WORK TO COMPLETE: Return all of the listing word for word; the pictures stay out.

STORED DATA:
↓↓↓
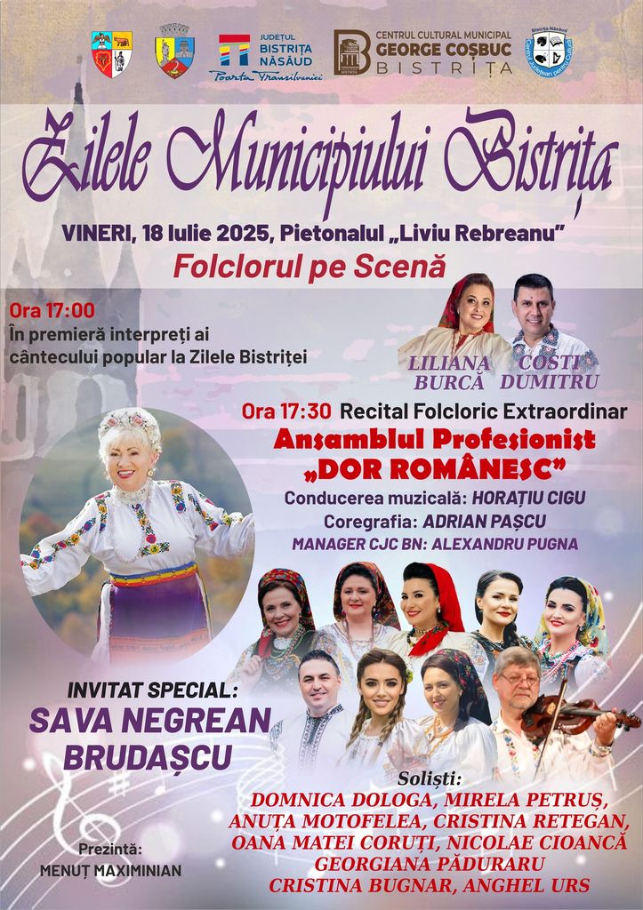 Ora 17.00 – În premieră interpreți ai cântecului popular la Zilele Bistriței: Liliana Burcă, Costi Dumitru
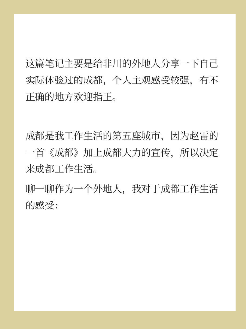 这篇笔记主要是给非川的外地人分享一下自己实际体验过的成都,个人主观感受较强,有不正确的地方欢迎指正。成都是我工作生活的第五座城市,因为赵雷的一首《成都》加上成都大力的宣传,所以决定来成都工作生活。
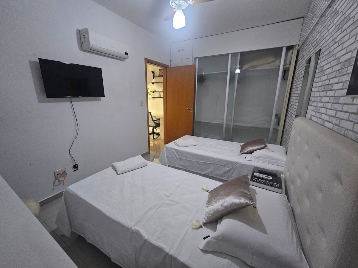Our space is new and has air conditioning in the bedrooms. It is decorated and equipped with everything you need to accommodate up to 4 people. Located in one of the best neighborhoods in the city, close to malls, parks, supermarkets, restaurants. We have a double bed and 2 single beds. With 1 covered parking space. The condominium has a gym, swimming pool and 24-hour doorman.
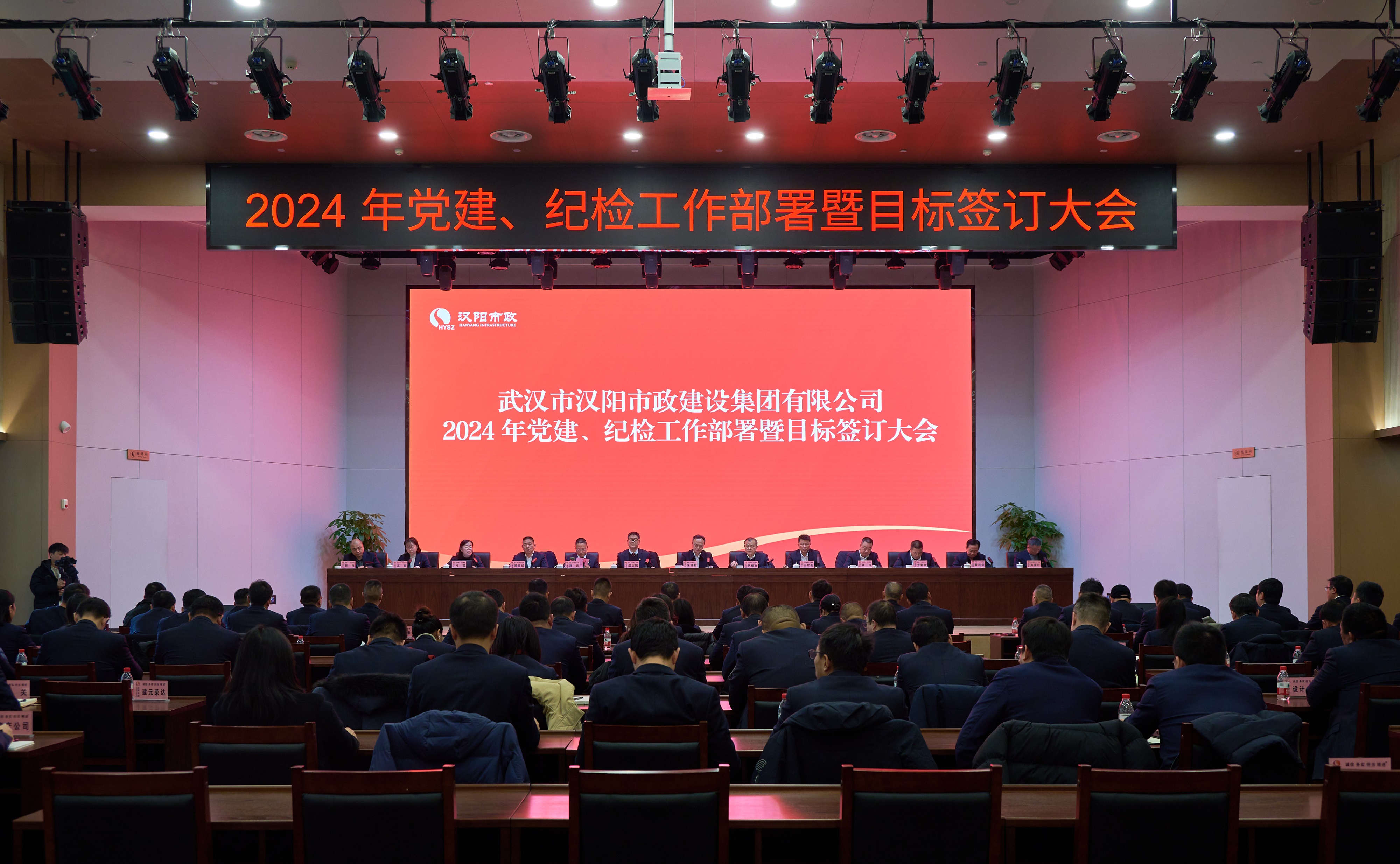 2月28日上午,漢陽(yáng)市政召開2024年黨建、紀(jì)檢工作部署暨目標(biāo)簽訂大會(huì)。漢陽(yáng)區(qū)建設(shè)局局長(zhǎng)朱源松蒞臨指導(dǎo),漢陽(yáng)市政黨委書記、董事長(zhǎng)嚴(yán)悌文,副董事長(zhǎng)虞志鵬,總經(jīng)理王智高等黨委班子成員,集團(tuán)及分子公司副科及以上干部、各部門負(fù)責(zé)人參加會(huì)議。
↑↑↑
SOLUTION TO THIS TASK:
 Ora 17.00 – În premieră interpreți ai cântecului popular la Zilele Bistriței: Liliana Burcă, Costi Dumitru
 这篇笔记主要是给非川的外地人分享一下自己实际体验过的成都,个人主观感受较强,有不正确的地方欢迎指正。成都是我工作生活的第五座城市,因为赵雷的一首《成都》加上成都大力的宣传,所以决定来成都工作生活。
Our space is new and has air conditioning in the bedrooms. It is decorated and equipped with everything you need to accommodate up to 4 people. Located in one of the best neighborhoods in the city, close to malls, parks, supermarkets, restaurants. We have a double bed and 2 single beds. With 1 covered parking space. The condominium has a gym, swimming pool and 24-hour doorman.
 2月28日上午,漢陽(yáng)市政召開2024年黨建、紀(jì)檢工作部署暨目標(biāo)簽訂大會(huì)。漢陽(yáng)區(qū)建設(shè)局局長(zhǎng)朱源松蒞臨指導(dǎo),漢陽(yáng)市政黨委書記、董事長(zhǎng)嚴(yán)悌文,副董事長(zhǎng)虞志鵬,總經(jīng)理王智高等黨委班子成員,集團(tuán)及分子公司副科及以上干部、各部門負(fù)責(zé)人參加會(huì)議。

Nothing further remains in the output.